(DATA RECORDS)

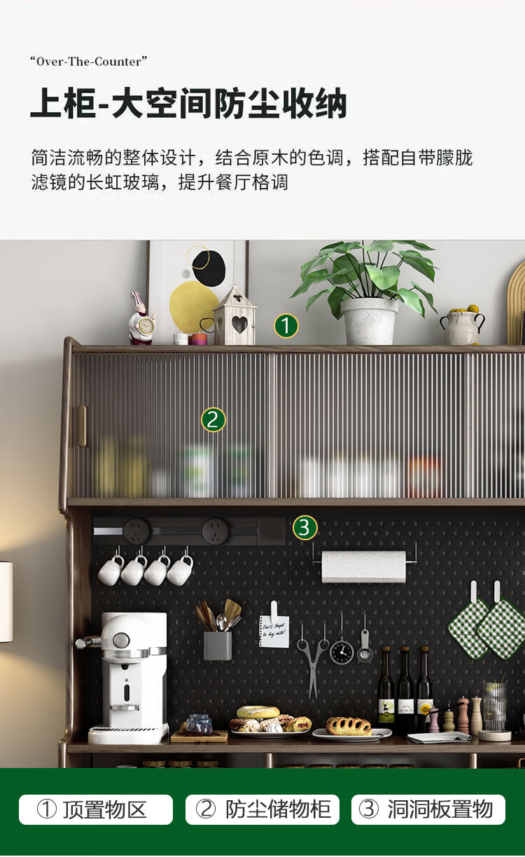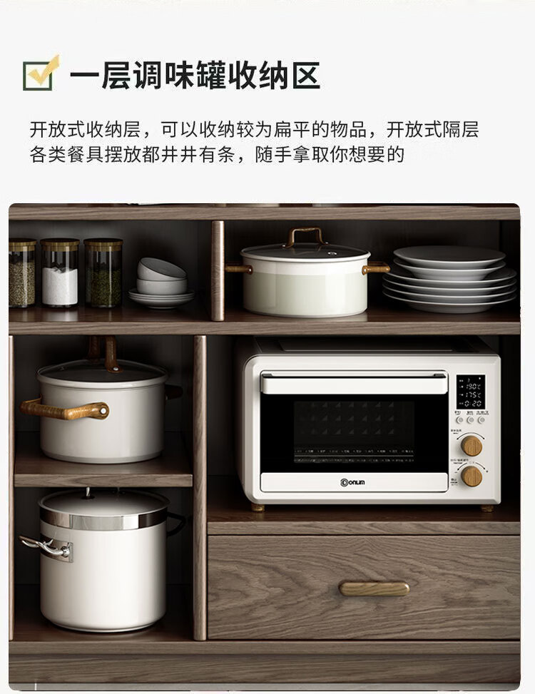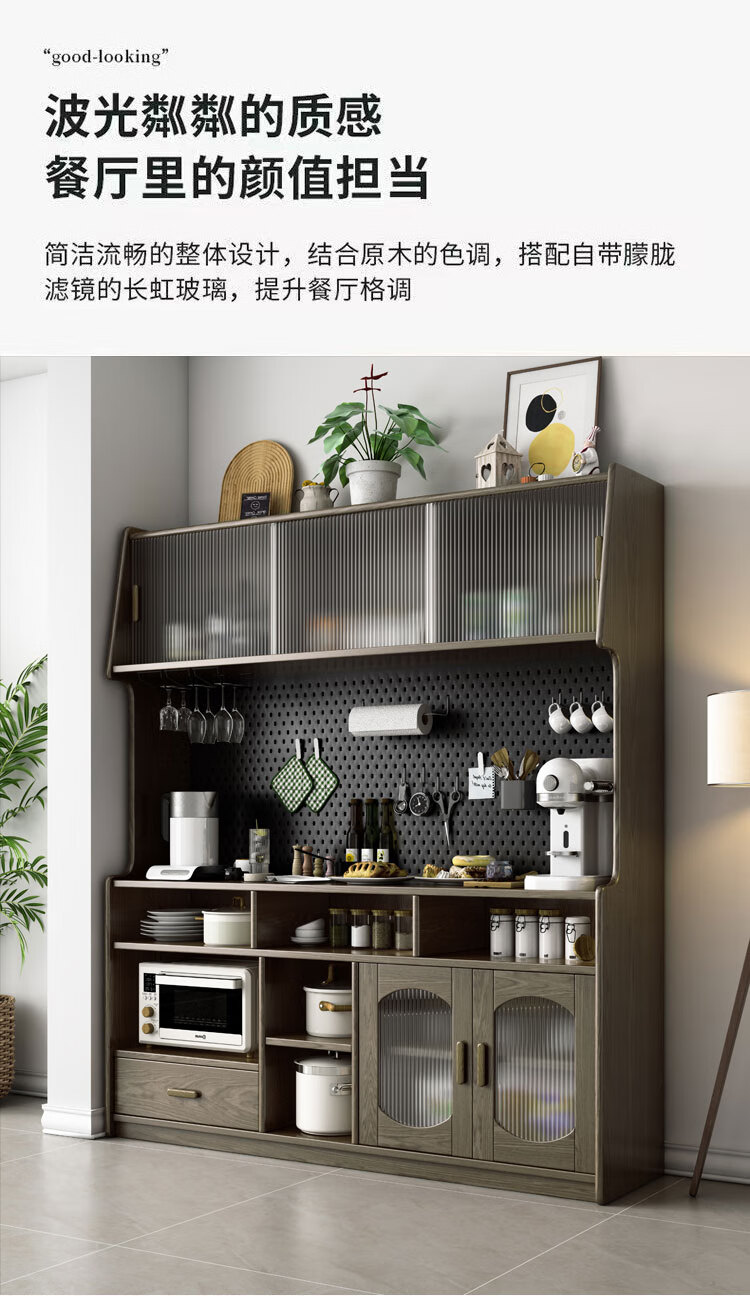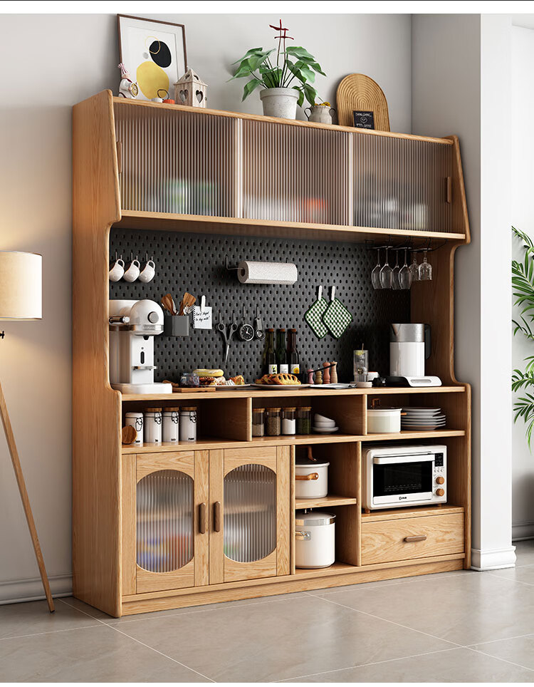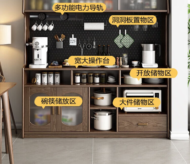 Solid wood sideboard against the wall integrated storage cabinet living room kitchen multi-functional storage cabinet cabinet wine cabinet large capacity walnut color solid wood sideboard 130cm long 40cm wide 185cm high (installation included)
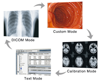 通过CAL Switch 功能,用户可为不同设备,如CR, CT和内窥镜系统等选择相应的影像观看模式。使用绑定的 RadiCS LE 软件将模式设置为自动切换到最佳查看状态。 |
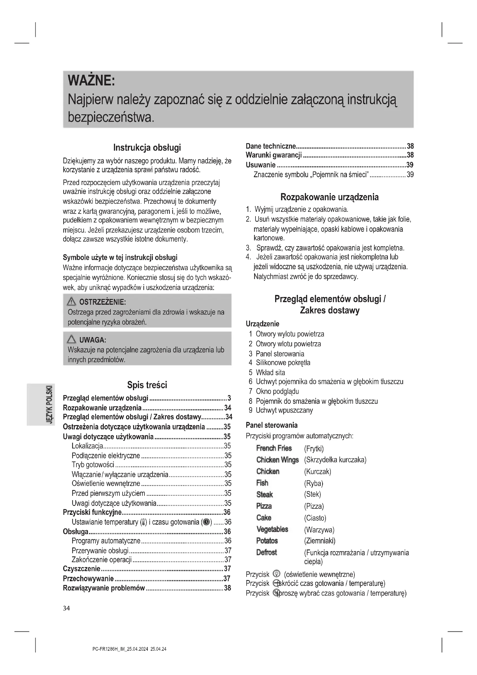 Rozwiązywanie problemów Problem Możliwa przyczyna Środek zaradczy Urządzenie nie działa. Urządzenie nie jest zasilane. Sprawdzić gniazdo sieciowe za pomocą innego urządzenia. Włożyć prawidłowo wtyczkę sieciową. Sprawdzić bezpiecznik domowy. Pojemnik do frytowania nie jest prawidłowo włożony. Wyłącznik bezpieczeństwa unie- możliwia obsługę nieprawidłowo włożonego pojemnika do smażenia. Włóż prawidłowo pojemnik do smażenia. Musi on słyszalnie zatrzasnąć się na swoim miejscu. Urządzenie jest uszkodzone. Skontaktuj się z naszym serwisem lub specjalistą. Potrawa nie jest w pełni ugotowana. Pojemnik do smażenia jest przepełniony. Zmniejsz ilość jedzenia. Mniejsze ilości gotują się bardziej równomiernie. Ustawiono zbyt niską temperaturę. Ustaw wyższą temperaturę. Ustawiono zbyt krótki czas gotowania. Ustaw dłuższy czas smażenia. Potrawa jest nierów- nomiernie ugotowana. Jedzenie jest ułożone jedno na drugim. Nie zapewnia to wystarczającej cyrkulacji powietrza. Wstrząsnąć potrawą w połowie czasu gotowania. Potrawa nie jest chrupiąca. Użyto żywności, która nadaje się tylko do konwencjonalnej frytownicy. Używaj potraw odpowiednich do piekarnika lub posmaruj je niewielką ilością oleju. Z urządzenia wydo- bywa się dym. Przygotowujesz bardzo tłuste potrawy. Rozpryski tłuszczu wewnątrz urządzenia mogą powodować powstawanie dymu. Upewnij się, że wentylacja jest wystarczająca. Pojemnik do smażenia jest przepełniony. Żywność dotyka elementu grzejnego. Zmniejsz ilość jedzenia. W pojemniku do smażenia lub na elemencie grzejnym nadal znajdują się resztki jedzenia / tłuszczu z poprzedniego użytkowania. Urządzenie należy czyścić po każdym użyciu zgodnie z opisem w rozdziale „Czyszczenie”. Dane techniczne Model:..............................................................PC-FR 1286 H Zasilanie: ............................................220 – 240 V~, 50 – 60 Hz Pobór mocy: ................................................................1700 W Klasa ochronności: ................................................................. Waga netto: ..............................................................ok. 4,9 kg Ten produkt zawiera źródło światła o klasie efektywności energetycznej < G >. Źródło światła jest odporne na wysokie temperatury i jest przeznaczone wyłącznie do użytku w tym urządzeniu. Zastrzegamy sobie prawo wprowadzania zmian technicz- nych i projektowych w trakcie ciągłego rozwoju produktu. To urządzenie zostało przetestowane zgodnie z wszystkimi obowiązującymi, aktualnymi dyrektywami CE i zbudowane zgodnie z najnowszymi przepisami bezpieczeństwa. Warunki gwarancji Przyznajemy 24 miesiące gwarancji na produkt licząc od daty zakupu. W tym okresie będziemy bezpłatnie usuwać w terminie 14 dni od daty dostarczenia wadliwego sprzętu z kartą gwarancyjną do miejsca zakupu wszystkie uszkodzenia powstałe w tym urządzeniu na skutek wady materiałów lub wadliwego wykonania, naprawiając oraz wymieniając wadliwe części lub (jeśli uznamy za stosowne) wymieniając całe urządzenie na nowe. Sprzęt do naprawy powinien być dostarczony w komplecie wraz z dowodem zakupu oraz z ważną kartą gwarancyjną do sprzedawcy w miarę możliwości w oryginalnym opako- waniu lub innym odpowiednim dla zabezpieczenia przed uszkodzeniem. W razie braku kompletnego opakowania fa- brycznego, ryzyko uszkodzenia sprzętu podczas transportu do i z miejsca zakupu ponosi reklamujący.PC-FR1286H_IM_25.04.2024 25.04.24
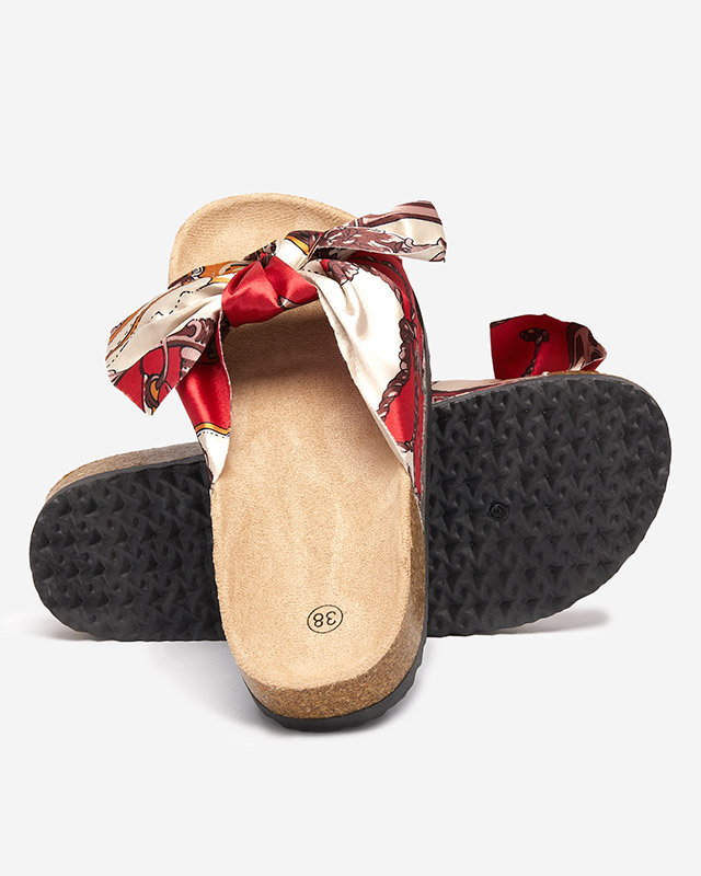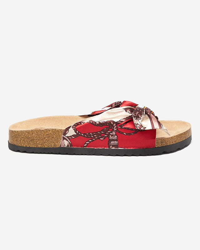 Czerwone damskie klapki z tkaninową wstążką Laneso - Obuwie
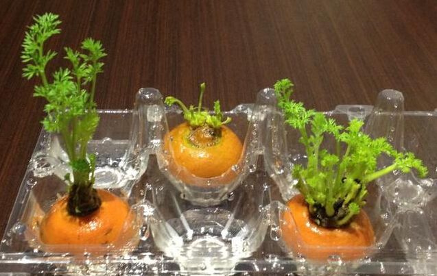 胡蘿卜的蒂需要很久才會(huì)生根、發(fā)芽,但發(fā)芽以后的生長(zhǎng)速度很快。它們會(huì)先長(zhǎng)出莖,直到莖長(zhǎng)得很高才會(huì)慢慢抽出新芽,長(zhǎng)出枝葉。
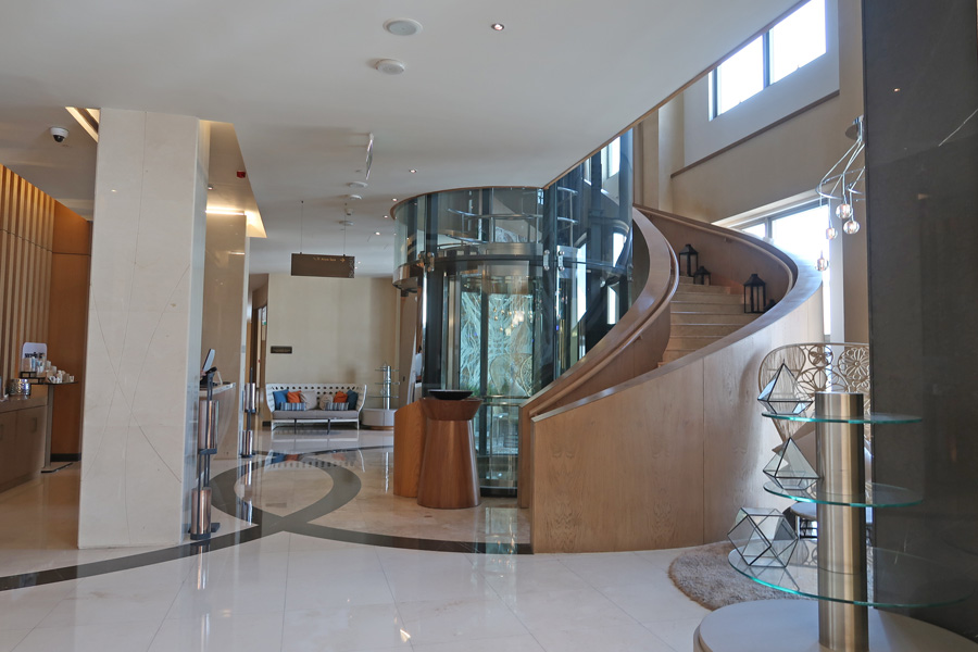 右/スパのレセプションエリア。8階にあるトリートメントルームへつながるエレベーターと階段が印象的。 |
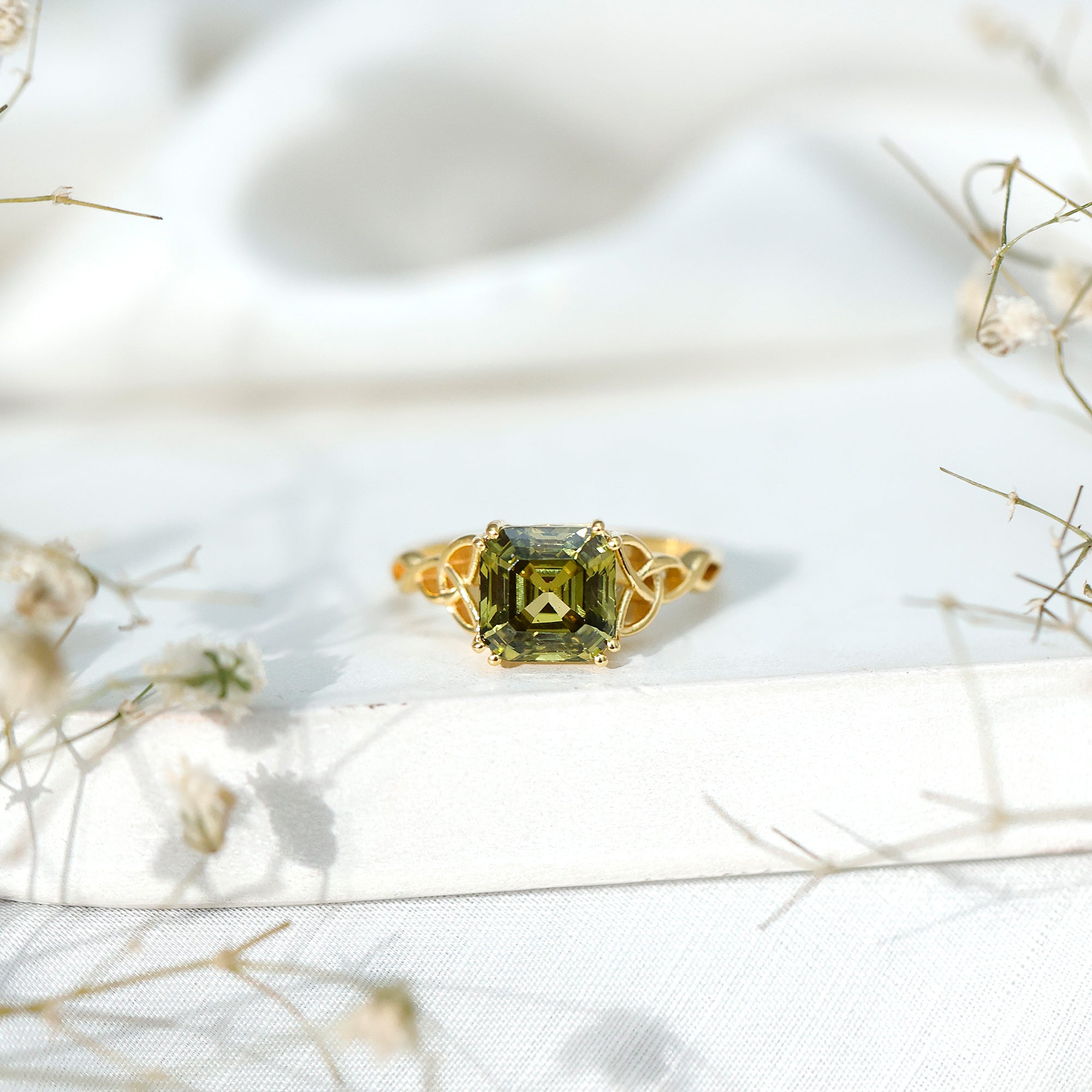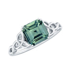 Certified Asscher Cut Lab Grown Green Sapphire Solitaire Celtic Engagement Ring
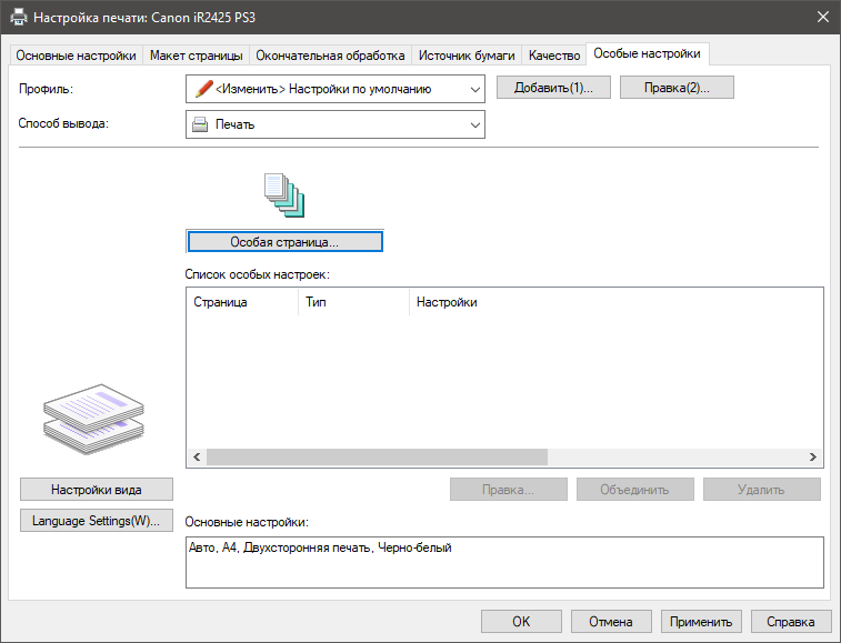 Конверты инструкция требует загружать в универсальный лоток, хотя установки драйвера печати не запрещают использовать для них и выдвижную кассету (в отличие от двусторонней печати, которая при выборе конверта автоматически отключается с выдачей предупреждения).
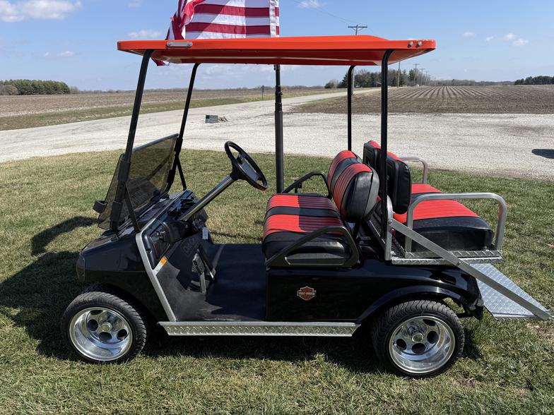 This golf cart has a black body, black/orange seats and an orange top, It has 2024 batteries. It has a new flip-down tinted windshield, and is street legal. It has a flip-down black/orange rear seat that is diamond plated. It has 215/35-12 custom wheels and tires. Charger included.
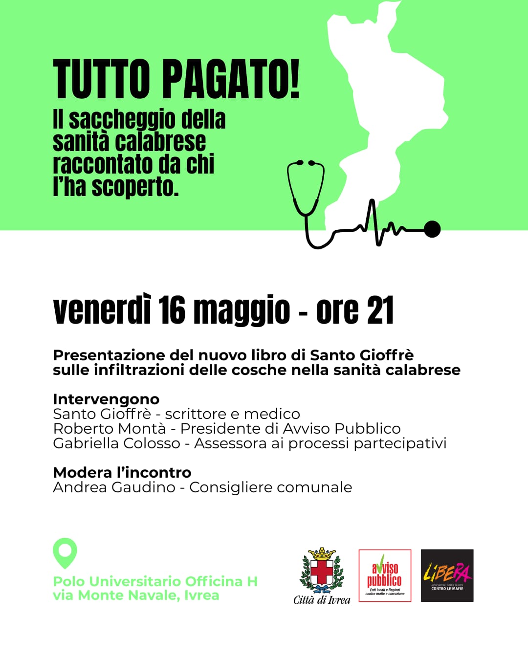 Nell’ambito delle iniziative di sensibilizzazione sui temi della corruzione e della criminalità organizzata, il Comune di Ivrea organizza un incontro di approfondimento sulle infiltrazioni delle cosche nella sanità calabrese, in collaborazione con le associazioni Libera e Avviso Pubblico.
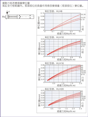 1.2、不同類(lèi)型扭矩作用于氣缸上時(shí),會(huì)產(chǎn)生不同程度變位量,具體參考下表。
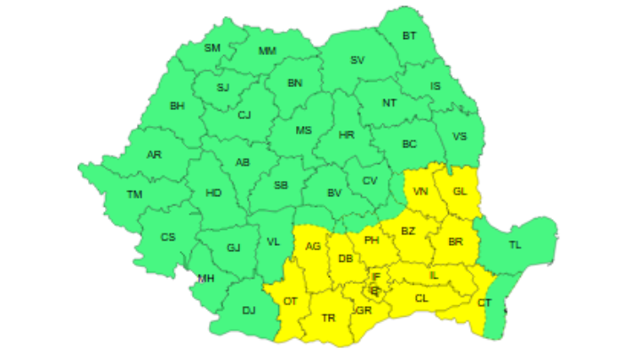 Avertizarea, emisă cu puțin timp în urmă de Administrația Națională de Meteorologie (ANM), va fi valabilă între orele 12:00 și 21:00.

(End DATA RECORDS)

§ **PROBLEM DESCRIPTION**:
Reproduce the lines above starting at the one with "右/スパのレセプションエリア" and ending at the one with "Конверты инструкция требует", both included, exactly and with no pictures.

§ **PROBLEM SOLUTION**:
 右/スパのレセプションエリア。8階にあるトリートメントルームへつながるエレベーターと階段が印象的。 |
 Certified Asscher Cut Lab Grown Green Sapphire Solitaire Celtic Engagement Ring
 Конверты инструкция требует загружать в универсальный лоток, хотя установки драйвера печати не запрещают использовать для них и выдвижную кассету (в отличие от двусторонней печати, которая при выборе конверта автоматически отключается с выдачей предупреждения).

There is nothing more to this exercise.